Brief ::
At the line containing "São elementos prontos", begin an exact copy of the lines below and continue through the final one, with no pictures.

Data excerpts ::
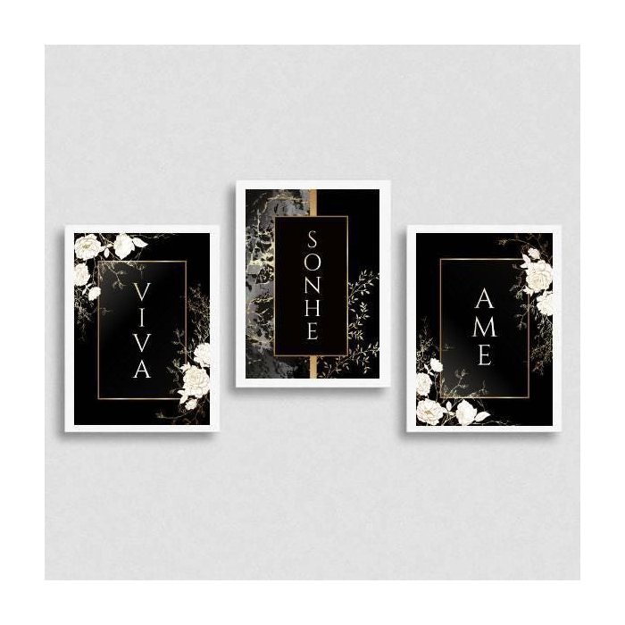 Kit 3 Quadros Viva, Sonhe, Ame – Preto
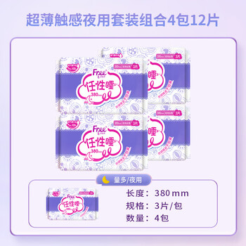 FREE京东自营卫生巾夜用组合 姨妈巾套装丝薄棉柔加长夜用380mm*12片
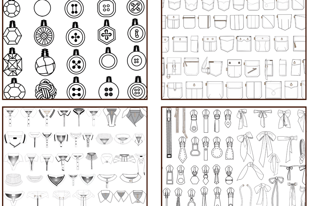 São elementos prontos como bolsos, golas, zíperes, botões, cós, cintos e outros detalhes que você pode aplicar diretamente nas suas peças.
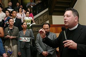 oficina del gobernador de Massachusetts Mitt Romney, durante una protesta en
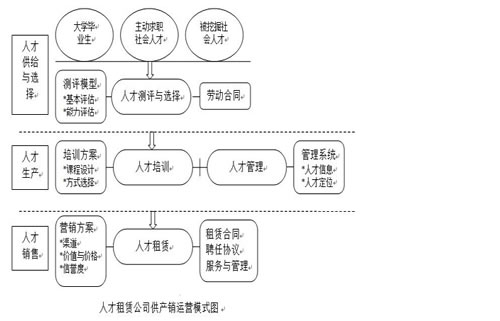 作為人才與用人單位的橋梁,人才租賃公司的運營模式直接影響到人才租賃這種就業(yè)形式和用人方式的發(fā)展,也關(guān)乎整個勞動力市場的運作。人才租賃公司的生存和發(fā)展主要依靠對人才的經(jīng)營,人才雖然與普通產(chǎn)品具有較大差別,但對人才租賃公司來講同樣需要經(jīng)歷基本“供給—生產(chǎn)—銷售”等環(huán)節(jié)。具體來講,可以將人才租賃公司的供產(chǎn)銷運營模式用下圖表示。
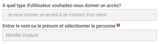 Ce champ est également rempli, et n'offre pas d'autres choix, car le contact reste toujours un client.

Solution to this problem ::
 São elementos prontos como bolsos, golas, zíperes, botões, cós, cintos e outros detalhes que você pode aplicar diretamente nas suas peças.
 oficina del gobernador de Massachusetts Mitt Romney, durante una protesta en
 作為人才與用人單位的橋梁,人才租賃公司的運營模式直接影響到人才租賃這種就業(yè)形式和用人方式的發(fā)展,也關(guān)乎整個勞動力市場的運作。人才租賃公司的生存和發(fā)展主要依靠對人才的經(jīng)營,人才雖然與普通產(chǎn)品具有較大差別,但對人才租賃公司來講同樣需要經(jīng)歷基本“供給—生產(chǎn)—銷售”等環(huán)節(jié)。具體來講,可以將人才租賃公司的供產(chǎn)銷運營模式用下圖表示。
 Ce champ est également rempli, et n'offre pas d'autres choix, car le contact reste toujours un client.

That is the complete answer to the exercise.